Posted on September 15, 2016

On August 18, 2016, the Financial Accounting Standards Board (FASB) issued its latest update relating to how not-for-profits (NFPs) communicate their financial stories. While the new standards will not go into effect until after December 15, 2017, nonprofit charities, foundations, associations, museums, universities and religious organizations should take the time now to become familiar with Phase 1 of the update and begin taking steps to adopt the initial changes before the release of Phase 2 standards in the near future.
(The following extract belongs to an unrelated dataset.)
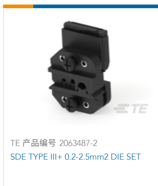
TE 产品编号 2063487-2 SDE TYPE III+ 0.2-2.5mm 2 DIE SET

Financial statements are critical to help not-for-profit organizations inform key stakeholders about their fiscal health. Donors, grantors, lenders and creditors rely on the information contained in these documents to understand how and where a NFP will spend its financial contributions, which ultimately support the NFP’s mission and fund the programs and services it provides to help those in need. However, the FASB identified concerns about the “complexity, insufficient transparency and limited usefulness” of the current model of NFP financial reporting that has been in place for more than two decades. After six-years of planning, the FASB issued proposed regulations to simplify the way in which NFPs quantify and qualify their financial performance, their liquidity and cash flows, and their classification of net assets. The latest update aims to achieve this goal.
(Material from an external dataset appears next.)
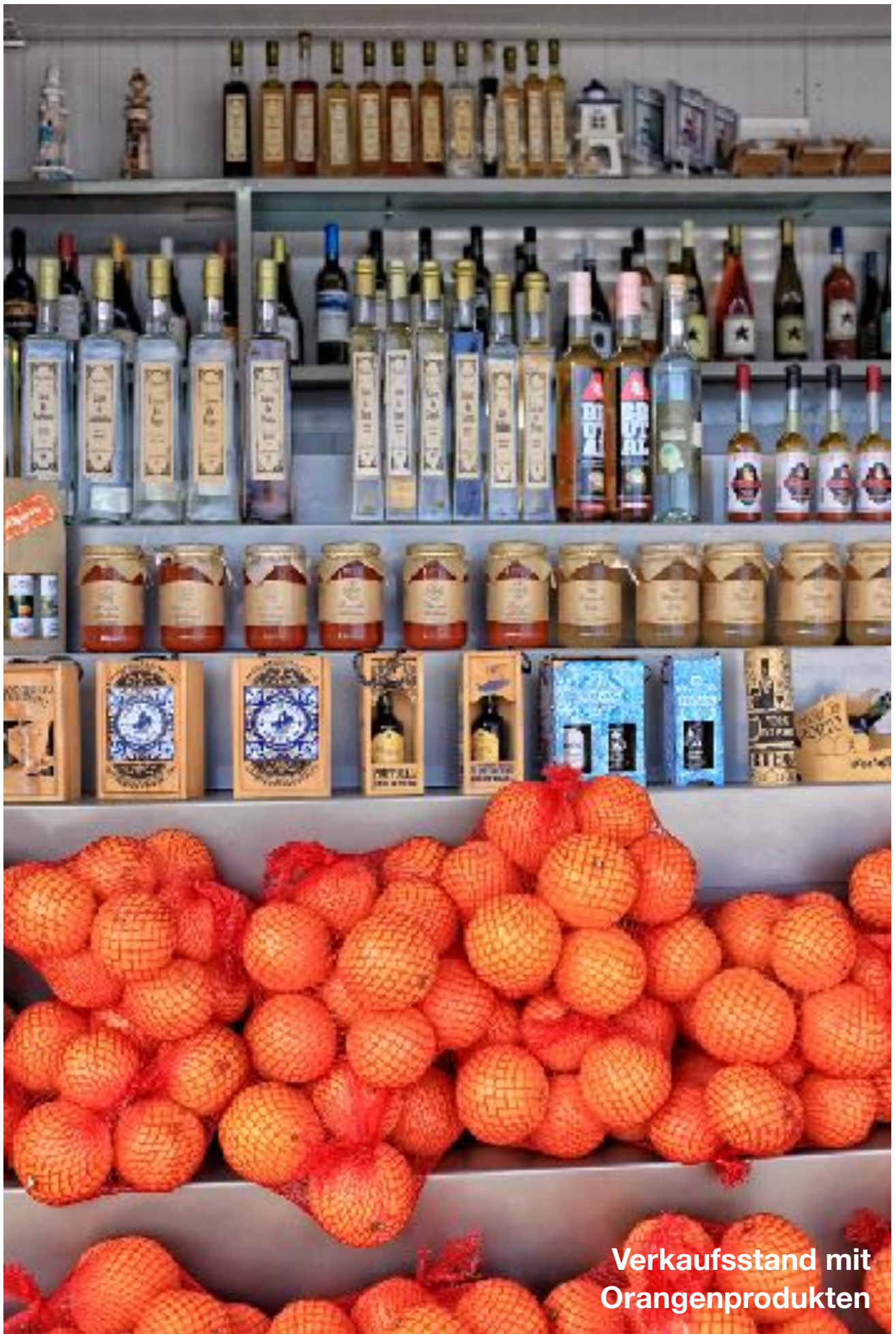
Verkaufsstand mit Orangenprodukten

Two-Class System for Reporting Net Assets

Under Phase 1 of the new accounting standards for nonprofits, the existing three-class system of classifying net asset as unrestricted, temporarily unrestricted and permanently restricted, will be replaced with a simpler two-class structure. Going forward, NFPs will differentiate net assets solely between those net assets with donor restriction and net assets without donor restrictions. With this change, NFPs will still be required to disclose, on the face of financial statements, the nature and amounts of donor-imposed restrictions. However, this information will be supported with enhanced footnote disclosures detailing the limitations that governing boards and donors place on net assets and how the NFPs will ultimately allocate those assets in the future.

Another change intended to improve how stakeholders read and understand NFPs’ financial statements is the required disclosure of underwater endowment funds. When the fair market value of a donor-restricted endowment is less than the original gift amount or the amount the NFP is required to maintain by the donor or by law, NFPs will be required to also report the amount of the deficiency and their governing boards’ policies or decisions to reduce or spend from these funds.
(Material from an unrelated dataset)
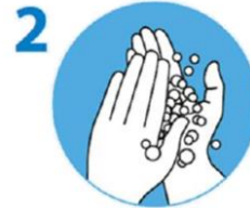
2 Mind. 20-30 Sek. Von allen Seiten einseifen

Reporting on Expenses and Investment Returns

The new accounting standards require non-profit entities to report on either the face of financial statement or in disclosure notes not just the function of their expenses (as presently required by generally accepted accounting principles) but also the nature of those expenses. In addition, financial statement notes will need to include an analysis of how the NFP’s apply this information to allocate costs among their programs. This will provide readers of financial statements with more accurate detail about whether an NFP’s expenses are fixed or discretionary, how the expenses relate to the NFP’s mission and how the NFP allocates resources to pay those expenditures.

With regard to investment return, NFPs will no longer be required to disclose investment expenses. Rather, investment return should be presented net of all related external and direct internal investment expenses. This is expected to provide a more comparable measure of investment reporting across all not-for-profits, regardless of their investment activities. Moreover, this new method for presenting investment return will eliminate the difficulties and related costs that NFPs have faced in the past when identifying embedded fees and reporting this information.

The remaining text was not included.